7. The method of claim 1, wherein the compound is 3-(1-(3-(dimethylamino)propyl)-5-methoxy-1H-indol-3-yl)-4-(1H-indol-3 -yl)-1H-pyrrole-2,5-dione (Go-6983), salt, or derivative thereof.

8. The method of claim 1, wherein the compound is 3-(1-(3-aminopropyl)-1H-indol-3-yl) (1-methyl-1H-indol-3-yl)-1H-pyrrole-2,5-dione (Ro-31-7549), salt, or derivative thereof.

9. The method of claim 1, wherein the compound is 3-(8-(aminomethyl)-6,7,8,9-tetrahydropyrido[1,2-a]indol-10-yl)-4-(1-methyl-1H-indol-3-yl)-1H-pyrrole-2,5-dione (Ro-31-8425), salt, or derivative thereof.

10. The method of claim 1, wherein the compound is 3-(8-((dimethylamino)methyl)-6,7,8,9-tetrahydropyrido[1,2-a]indol-10-yl)-4-(1-methyl-1H-indol-3-yl)-1H-pyrrole-2,5-dione (Ro-32-0432), salt, or derivative thereof.

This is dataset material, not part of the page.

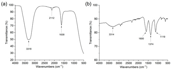 Figure 5a illustrates the infrared spectrum of the silver nanoparticles alone. Three main signals are observed in the spectrum, at 1638, 2112, and 3318 cm−1. These signals are representative of the various interactions of the nanoparticles with the functional groups of the oxidized gallic acid. Consequently, the absorptions correspond to vibrations of OH of phenol (2112 and 3318 cm−1) and carboxylic acid (1638 cm−1) [32]. The interactions of AgNP with gallic acid can be complex; however, studies of such interactions have been carried out for metallic nanoparticles and gallic acid [33].
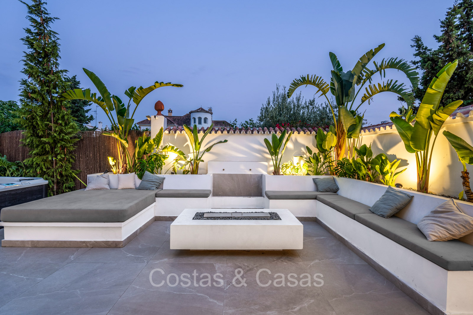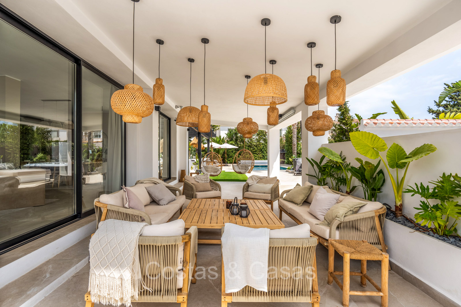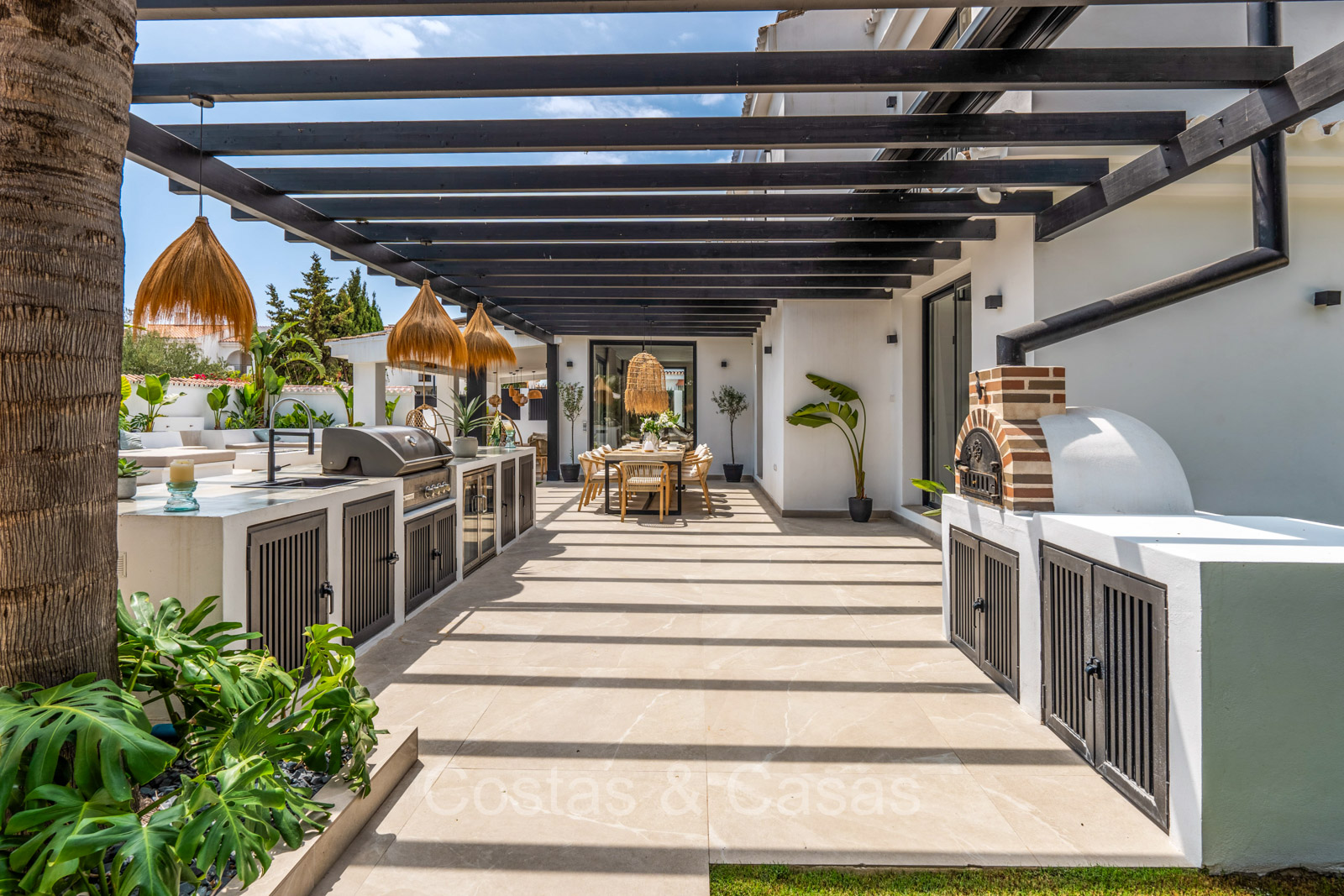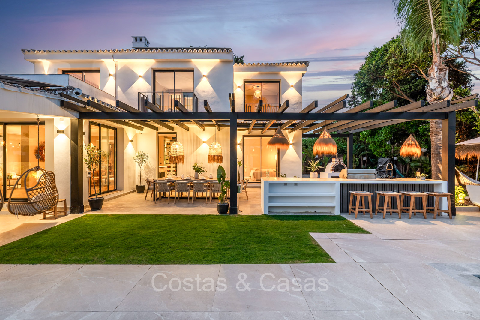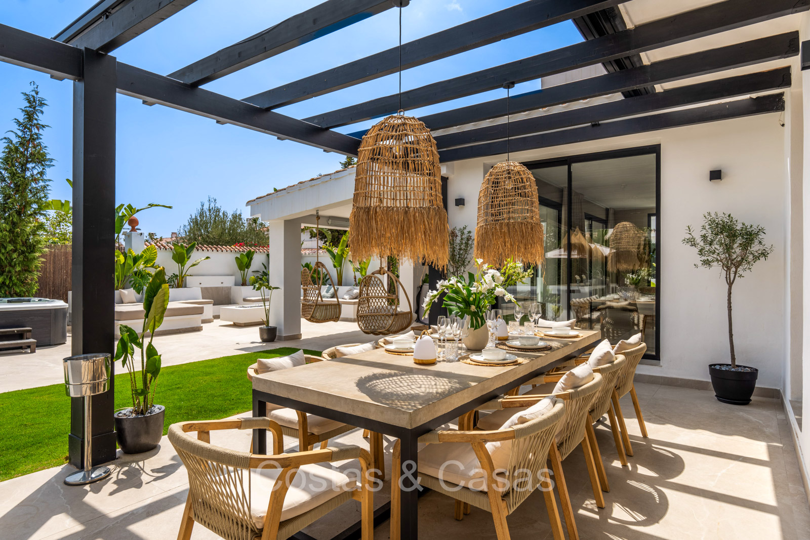 Amplia parcela, rodeada de plantaciones verdes. Arquitectura exterior de alta calidad con plantas y césped. Piscina privada balinesa climatizada con cubierta protectora integrada. Terraza pérgola automática con cocina exterior con barbacoa, horno de pizza, bar y zona de comedor al aire libre. Las amplias terrazas ofrecen instalaciones de relax y un jacuzzi. Un proyector instalado para acogedoras noches de cine al aire libre. Orientación sur.

11. A method of treating cancer comprising administering an effective amount of a compound having a 3,4-di(indol-3-yl)-pyrrole-2,5-dione backbone structure, or salt thereof, to the subject in need thereof;

wherein the compound is selected from

3-(3-(4-(1-methyl-1H-indol-3-yl)-2,5-dioxo-2,5-dihydro-1H-pyrrol-3-yl)-1H-indol-1-yl)propyl carbamimidothioate (Ro-31-8220);

3-(1-(3-(dimethylamino)propyl)-5-methoxy-1H-indol-3-yl)-4-(1H-indol-3-yl)-1H-pyrrole-2,5-dione (Go-6983);

3-(1-(3-aminopropyl)-1H-indol-3-yl)-4-(1-methyl-1H-indol-3-yl)-1H-pyrrole-2,5-dione (Ro-31-7549);

3-(8-(aminomethyl)-6,7,8,9-tetrahydropyrido[1,2-a]indol-10-yl)-4-(1-methyl-1H-indol-3-yl)-1H-pyrrole-2,5-dione (Ro-31-8425); and

3-(8-((dimethylamino)methyl)-6,7,8,9-tetrahydropyrido[1,2-a]indol-10-yl)-4-(1-methyl-1H-indol-3-yl)-1H-pyrrole-2,5-dione (Ro-32-0432), salts, or derivatives thereof.

12. The method of claim 11, wherein the cancer is solid tumor.

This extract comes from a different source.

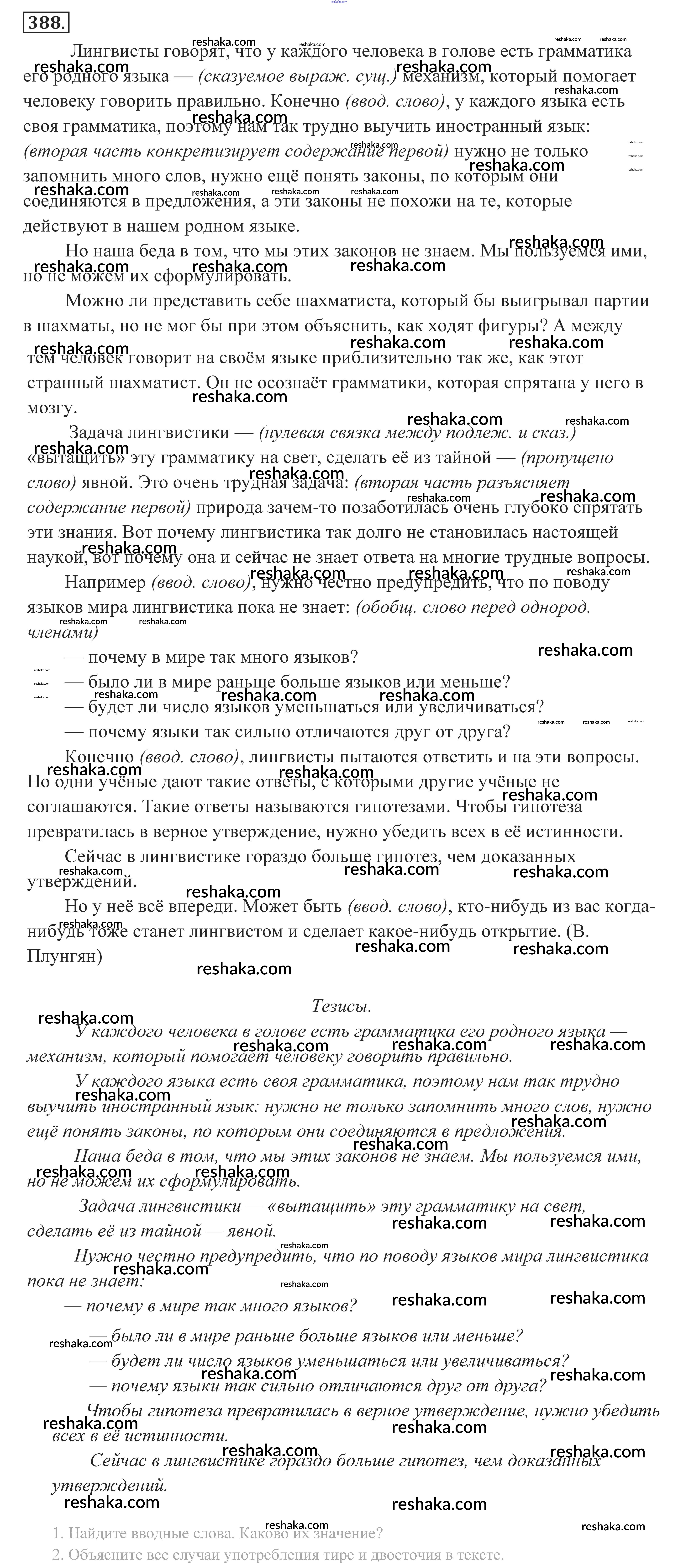 Решака - онлайн ответы Русский язык Власенков, Рыбченкова за 10-11 класс Учебник Базовый уровень 2014 - 388
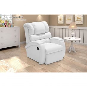 Poltrona Reclinável Wall, ou seja, essa Poltrona pode ficar afastada da parede somente 5cm. Quando ela reclinar não precisa afastar da parede, com ela fechada você pode girar a poltrona em 360 graus e ao mesmo tempo balançar, a peseira é independente do encosto, ou seja, você pode ficar com as pernas levantadas, com a coluna ereta, e se quiser pode deitar o encosto. Revestimento em couro ecológico de alta durabilidade, encosto enchido em 100% fibra de silicone para proporcionar um ótimo conforto.

13. The method of claim 11, wherein the cancer is colon cancer.

14. The method of claim 11, wherein the cancer is pancreatic cancer.

15. The method of claim 11, wherein the cancer is skin cancer.

16. The method of claim 11, wherein the subject is experiencing recurrence of the cancer.

17. A method of screening a test compound for the ability to induce SMAD4 and another SMAD protein to interact comprising:

contacting a SMAD4 protein conjugated to a first fluorophore with another SMAD protein conjugated to a second fluorophores in an aqueous solution, wherein the first and second fluorophores are donor acceptor pairs and measuring, detecting, or quantifying a background signal of the aqueous solution;

contacting a test compound with the SMAD4 protein conjugated to the first fluorophore and with another SMAD protein conjugated to the second fluorophore, whereby the test compound induces the SMAD4 protein and the other SMAD protein to form a complex bringing the first and second fluorophores into close proximity for generating a binding signal that is different from the background signal and measuring, detecting, or quantifying a background signal.

18. The method of claim 17, further comprising recording the background signal and the binding signal on a computer readable medium.

19. The method of claim 18, further comprising calculating a difference between the background signal and the binding signal and recording the difference on a computer readable medium.